While the Vanderbilt and Sako cases are exceptional, there have been a number of cases involving not university students but high school students that illustrate the real problem. In the disgraceful Steubenville case, a teenage girl got drunk (or was got drunk) and was then paraded around like a piece of meat by a group of teens who genuinely thought it was funny. Although the victim was only digitally penetrated, in Ohio this counts as rape.

Daisy Parsons was fourteen years old when she claimed to have been raped by another schoolkid. Although the rape case was dropped, the behaviour of Matthew Barnett was outrageous.

Most tragically, in Nova Scotia, Rehtaeh Parsons was just seventeen years old when she committed suicide after photographs were distributed of her apparently being raped at the age of fifteen.

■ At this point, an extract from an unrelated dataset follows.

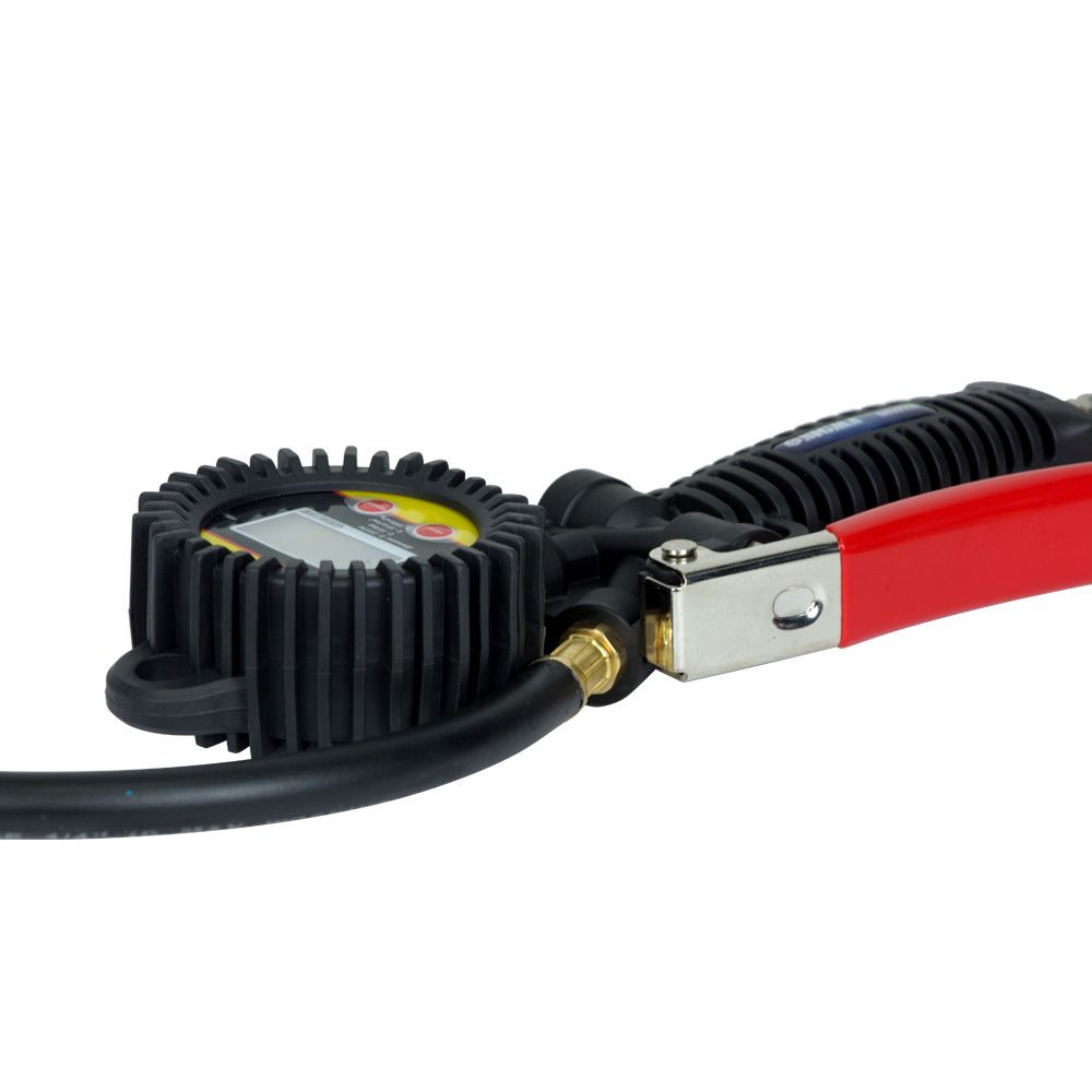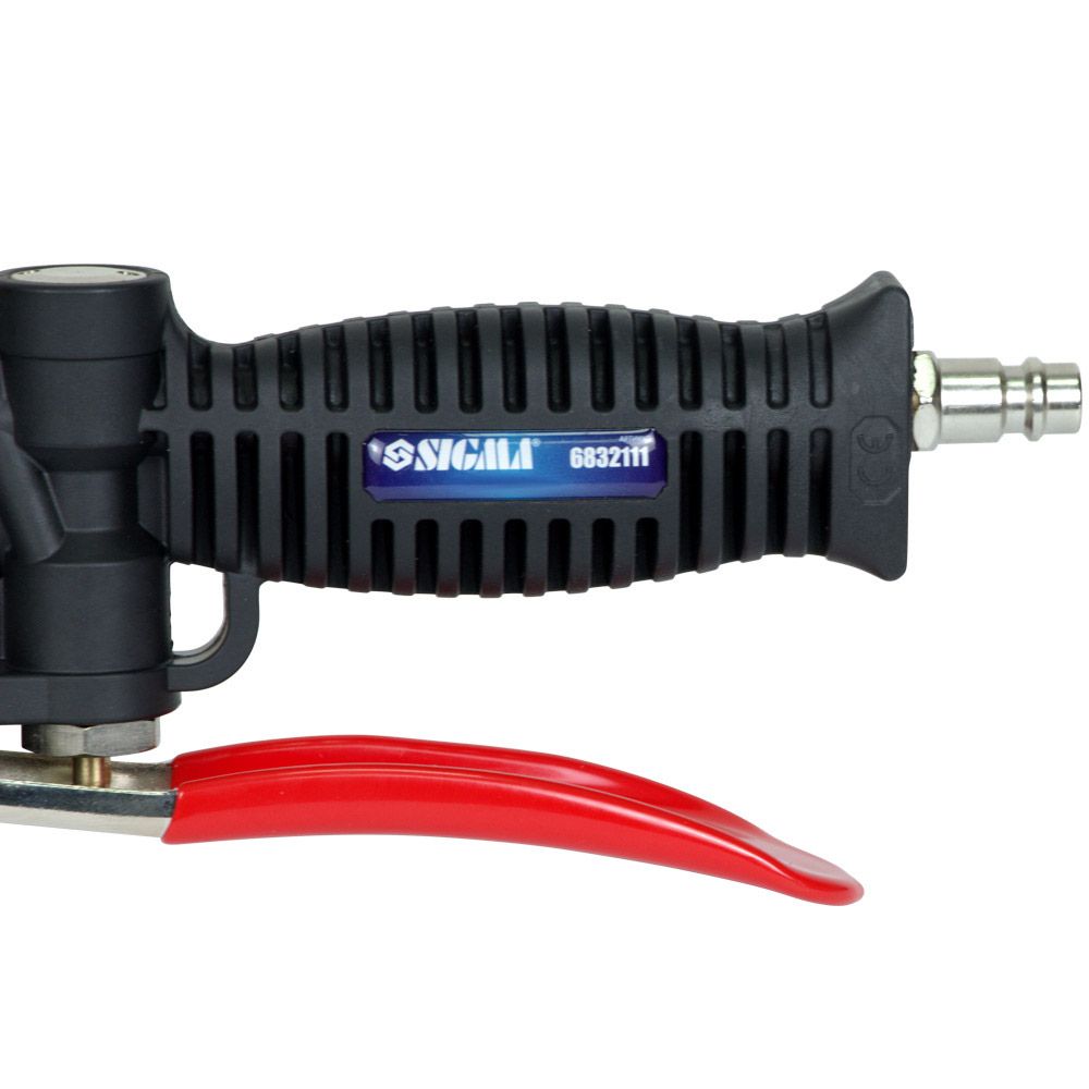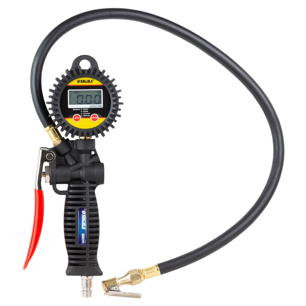 Пневмопістолет для підкачки з цифровим манометром 85-200 л/хв, 12 бар SIGMA (6832111) застосовується для підкачки шин автомобілів. Зручний гнучкий шланг дозволяє виконувати операції в важкодоступних місцях.

The case of Harry Potter clone Owen Labrie is the odd one out, although he wascleared of rape. All the other cases, every single one of them, involved excessive use of alcohol, and in the case of airhead false accuser Kamilah Willingham, drugs. Telling students (male and female) not to get drunk or use drugs is about as useful as the feminist mantra about teaching men not to rape, but along with much violent crime, including murder, excessive consumption of alcohol is the root cause of so much suffering in Western society, and the women are catching up. This is the real problem on campus, not the fantasy of rape culture propagated by the likes of Helen Price, and the one that needs to be addressed not only in universities but nationwide. Good luck with that.